> [Task data]:

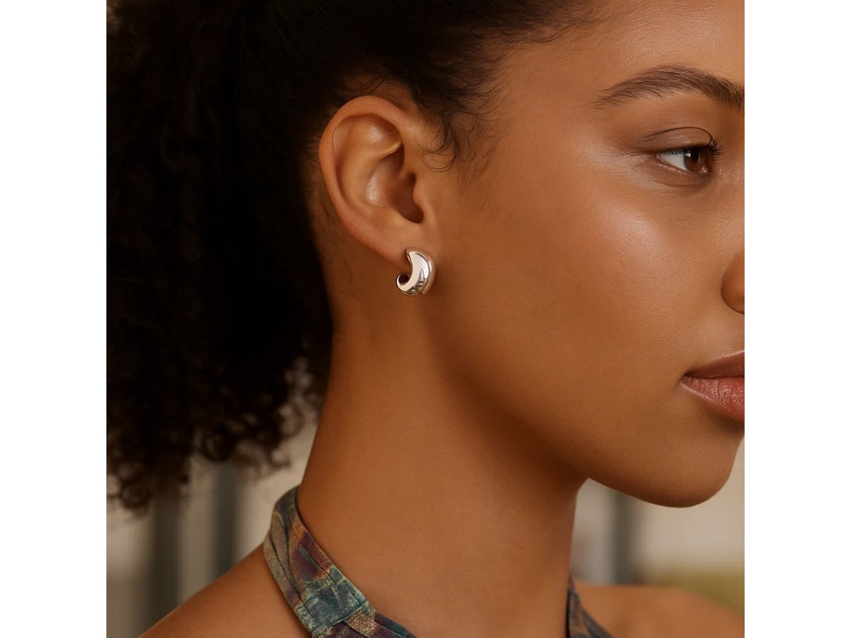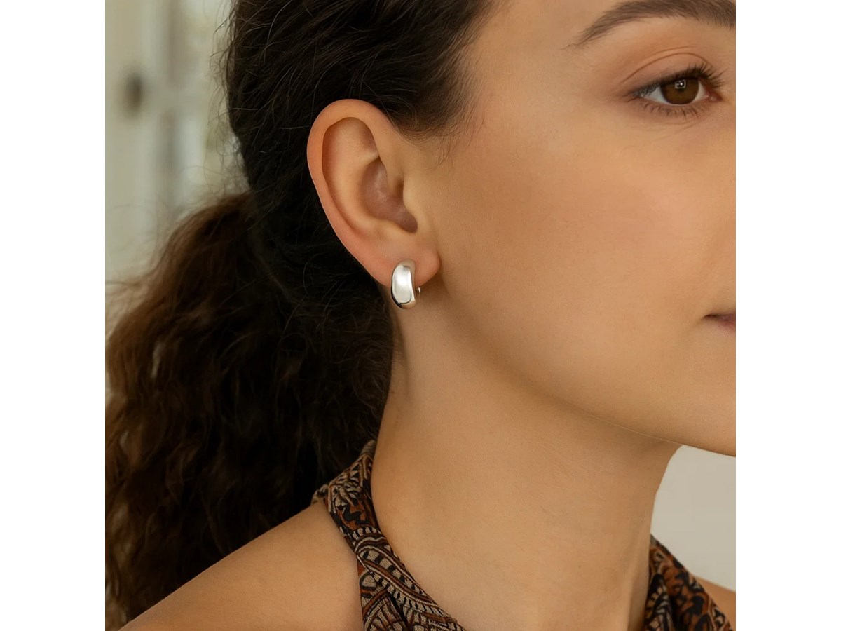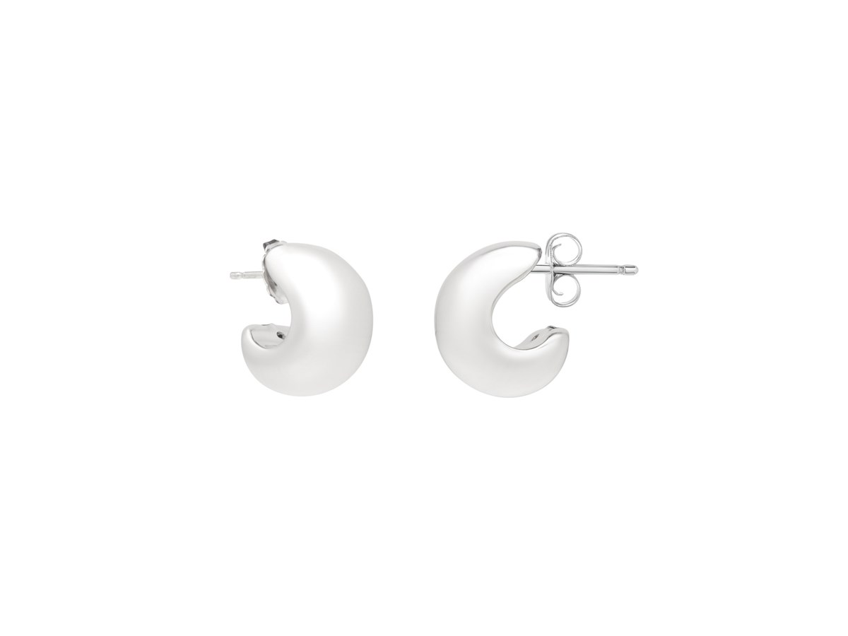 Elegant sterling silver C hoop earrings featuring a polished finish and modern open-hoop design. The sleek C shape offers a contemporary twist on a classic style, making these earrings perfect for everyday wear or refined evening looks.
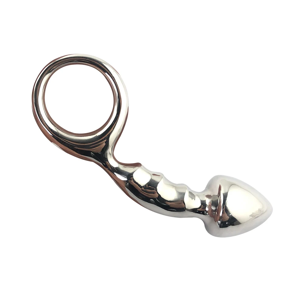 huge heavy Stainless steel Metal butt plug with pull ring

--

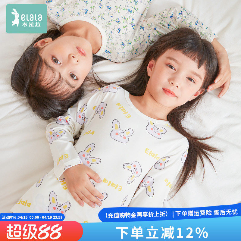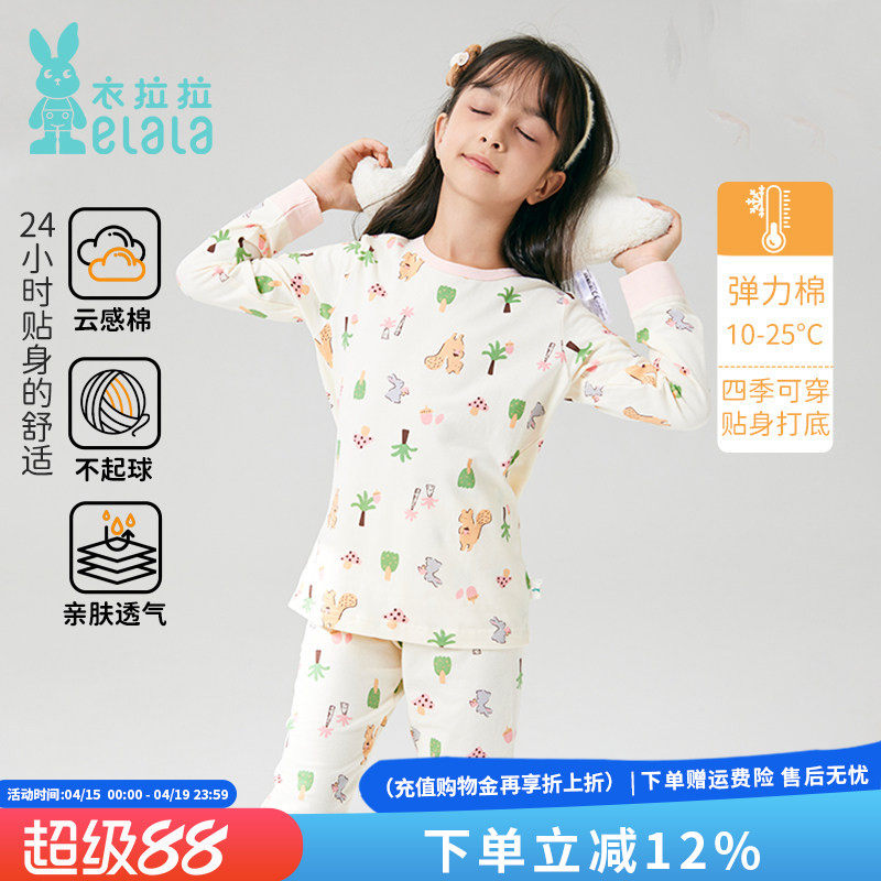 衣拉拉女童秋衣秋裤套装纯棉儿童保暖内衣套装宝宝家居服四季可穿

> [What is required]:
Nothing but the lines above from the one that has "Elegant sterling silver" down to the one that has "huge heavy Stainless" belongs in the answer, copied exactly, without pictures.

> [Response to this task]:
 Elegant sterling silver C hoop earrings featuring a polished finish and modern open-hoop design. The sleek C shape offers a contemporary twist on a classic style, making these earrings perfect for everyday wear or refined evening looks.
 huge heavy Stainless steel Metal butt plug with pull ring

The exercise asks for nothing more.